I have nothing interesting to add apart from: I’m listening to the new Groove Armada album as I read that, spooky (album score 6/10ish).
Oh, and if cows are taking over the world (as I suspect they are), can I be the first to congratulate our bovine overlords.
Time for a rant on behalf of my own earworms. I have had a piece of opera music floating round in my head for about four days. Firstly I cannot get rid of it, which isn’t an issue as it is rather pleasant, however I cannot remember who wrote it or what it is called, so I am unable to go find it to listen to it properly.
Fancy a swap for a day? Knowing your musical knowledge it won’t take you long to work it out, and I’ll sit here and shake my arse whilst you do so.
Good grief. What is the world coming to when cows are used to advertise dairy products? Next thing you know we’ll be seeing fields of wheat advertising bread and breakfast cereal.
To your list of (one) unusual use of bovinity in advertising, I can add chocolate. But then, it is milk chocolate.

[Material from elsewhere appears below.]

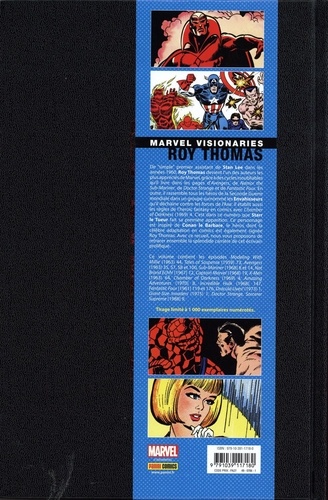 Nombreux sont les auteurs qui ont marqué l'histoire de la Maison des Idées, depuis Stan Lee et Jack Kirby jusqu'aux superstars actuelles que sont par exemple Brian Michael Bendis ou Jason Aaron. Roy Thomas fait partie des auteurs qui ont participé à la légende, dès les années 60. Les Avengers, Namor, les X-Men, Hulk, les Quatre Fantastiques et bien d'autres... ils sont tous là ! Nos albums VISIONARIES sont un régal pour les collectionneurs. L'oeuvre de Roy Thomas passe par des séries très connues comme Avengers ou X-Men, mais aussi par des récits plus surprenants de l'univers Marvel, tels Chamber of Darkness ou Modeling With Millie ! Voici un bel aperçu d'une carrière éclectique.

Clinton; The Final Countdown and Hotel California are acceptable. I’d love to have either of them as earworms. But sometimes I think my default thought is ‘I’d rather have a bowl of Coco Pops’ 🙂
Sophie; Scooby Doo? I bet ou would have gotten away with it if it wasn’t for those darn kids!
Cyn; All Hail The Bovine Overlords! Erm. All Hail The Bovine Overladies!
Perp; Yep, let’s swap! You could spend a day in my head and I’d spend a day in one of your cars 🙂
Allister; It;’s the one-breed-to-many-products ratio that’s getting to me.